Here is my attempt at making a dictionary lookup using lucene. Need some
pointers in optimising. Currently it takes 30 secs for a million lookups
using a dictionary of 500K words about 30x of that of a hashmap. But space
used is almost same as far as i can see in memory sizes looks almost the
same(from the process manager).
private static final String ID = "id";
private static final String WORD = "word";
private IndexWriter iwriter;
private IndexSearcher isearcher;
private RAMDirectory idx = new RAMDirectory();
private Analyzer analyzer = new WhitespaceAnalyzer();
public void init() throws Exception {
this.iwriter =
new IndexWriter(idx, analyzer, true,
IndexWriter.MaxFieldLength.LIMITED);
}
public void destroy() throws Exception {
iwriter.close();
isearcher.close();
}
public void ready() throws Exception {
iwriter.optimize();
iwriter.close();
this.isearcher = new IndexSearcher(idx, true);
}
public void addToDictionary(String word, Integer id) throws IOException {
Document doc = new Document();
doc.add(new Field(WORD, word, Field.Store.NO,
Field.Index.NOT_ANALYZED));
doc.add(new Field(ID, id.toString(), Store.YES,
Field.Index.NOT_ANALYZED));
?? Is there a way other than storing the id as string ?
iwriter.addDocument(doc);
}
public Integer get(String word) throws IOException, ParseException {
BooleanQuery query = new BooleanQuery();
query.add(new TermQuery(new Term(WORD, word)), Occur.SHOULD);
TopDocs top = isearcher.search(query, null, 1);
ScoreDoc[] hits = top.scoreDocs;
if (hits.length == 0) return null;
return Integer.valueOf(isearcher.doc(hits[0].doc).get(ID));
}
On Sat, Jan 16, 2010 at 10:20 PM, Grant Ingersoll <[email protected]>wrote:
> A Lucene index, w/ no storage, positions, etc. (optionally) turned off will
> be very efficient. Plus, there is virtually no code to write. I've seen
> bare bones indexes be as little as 20% of the original w/ very fast lookup.

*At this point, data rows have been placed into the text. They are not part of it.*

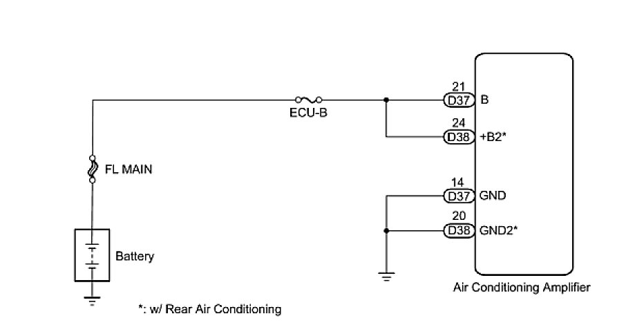 This is the back-up power source circuit for the air conditioning amplifier. Power is supplied even when the ignition switch is turned off and is used for functions such as the diagnostic trouble code memory.
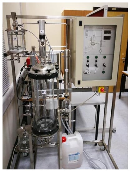 Our biodiesel production test used powder obtained from a local date producer. DSO was extracted using the Soxhlet extraction system (B-811-BUCHI) and subjected to hydration and centrifugation processes to eliminate the gums generated from the oil []. Next, the DSO underwent a treatment (by phosphoric acid) to bring the elevated extents of Mg, Ca, and P down to levels set by the standard (ASTM D6751). The DSO was then converted to biodiesel by the transesterification reaction in the pilot biodiesel production plant (UPB/EV-Elettronica Veneta) (Figure 3). The resulting biodiesel was then purified, its properties characterized, and its conformance with the ASTM D6751 standard confirmed.
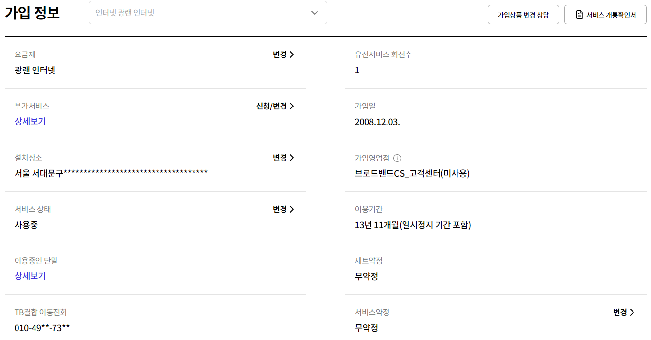 - 현재 사용중인 SKB 가입정보 첨부이미지 참조
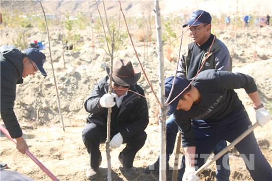 圖為拉薩市曲水縣才納鄉(xiāng)植樹造林現(xiàn)場(chǎng) 攝影:趙二召
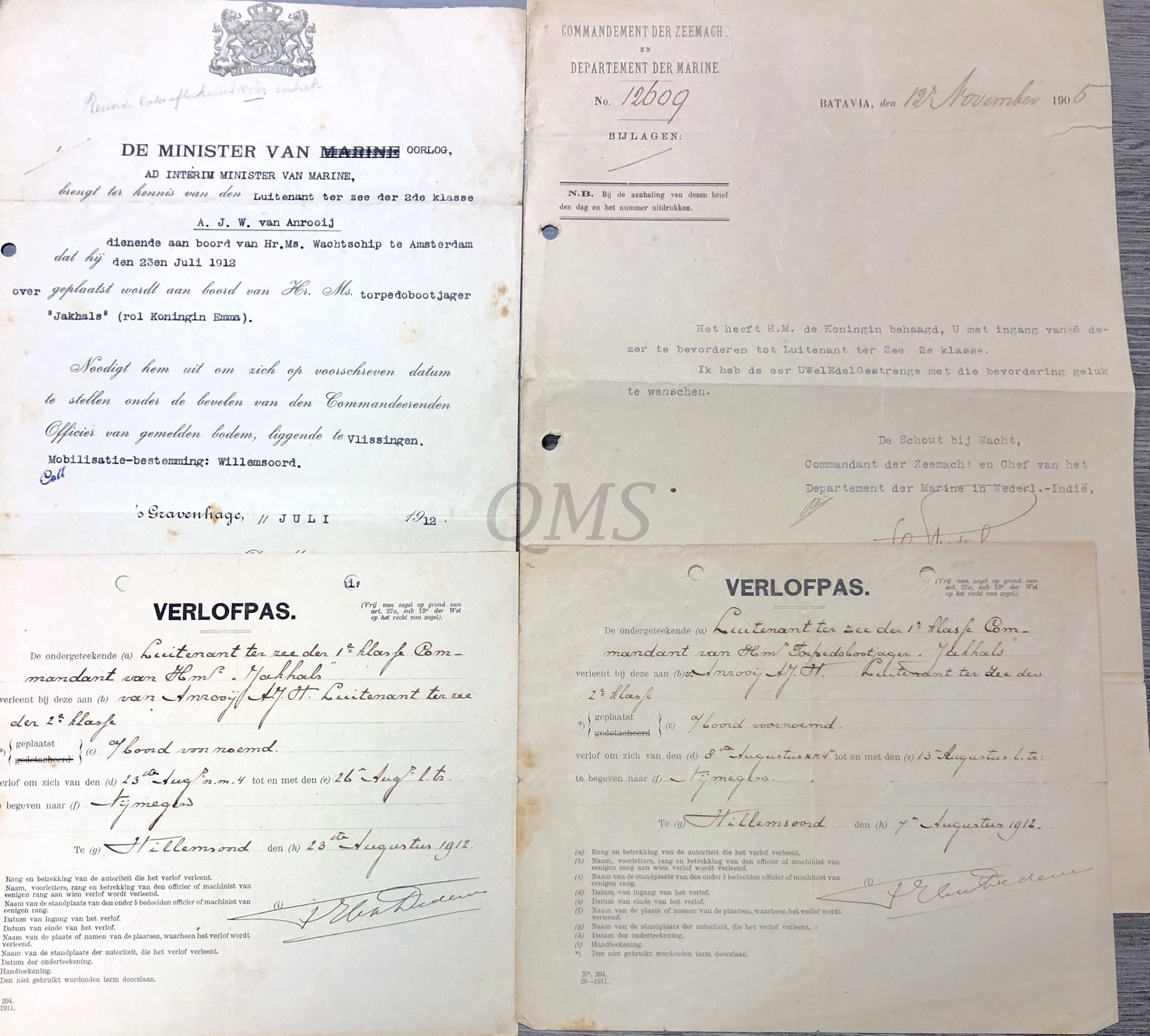 4x Documenten H.M. torpedobootjager "Jakhals" 1905-1918
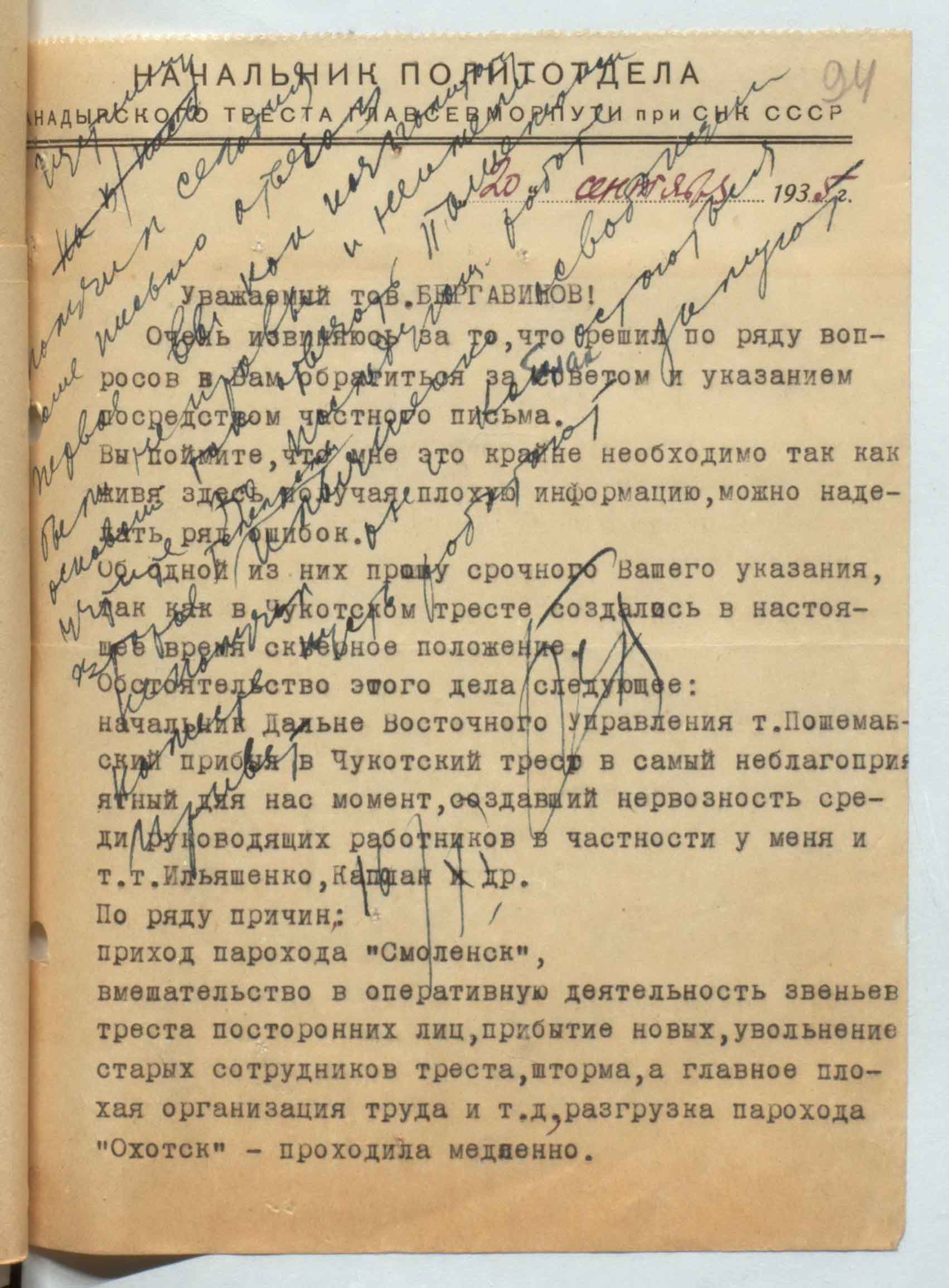 Очень извиняюсь за то, что решил по ряду вопросов б Вам обратиться за советом и указанием посредством частного письма. Вы поймите, что мне это крайне необходимо так как живя здесь получая плохую информацию, можно наделать ряд ошибок. Об одной из них прошу срочно Вашего указания, так как в Чукотском тресте создалось в настоящее время скверное положение. Обстоятельство этого дела следующее: начальник Дальне Восточного Управления т. Пошеманский прибыл в Чукотский трест в самый неблагоприятный для нас момент, создавший нервозность среди руководящих работников в частности у меня и т.т. Ильяшенко, Каплан и др.
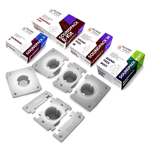 Серия наборных подрозетников СаундПак (SoundPack) разработана, чтобы исключить проникновение звуковых волн через гнезда розеток и электрических выключателей.

> Furthermore, there are many options available for controlling how much is
> loaded into memory, etc. Finally, it will handle all the languages you
> throw at it.
>
> -Grant
>
> On Jan 16, 2010, at 9:10 AM, Robin Anil wrote:
>
> > Currently java strings use double the space of the characters in it
> because
> > its all in utf-16. A 190MB dictionary file therefore uses around 600MB
> when
> > loaded into a HashMap<String, Integer>. Is there some optimization we
> could
> > do in terms of storing them and ensuring that chinese, devanagiri and
> other
> > characters dont get messed up in the process.
> >
> > Some options benson suggested was: storing just the byte[] form and
> adding
> > the the option of supplying the hash function in OpenObjectIntHashmap or
> > even using a UTF-8 string.
> >
> > Or we could leave this alone. I currently estimate the memory requirement
> > using the formula 8 * ( (int) ( num_chars *2 + 45)/8 ) for strings when
> > generating the dictionary split for the vectorizer
> >
> > Robin
>
>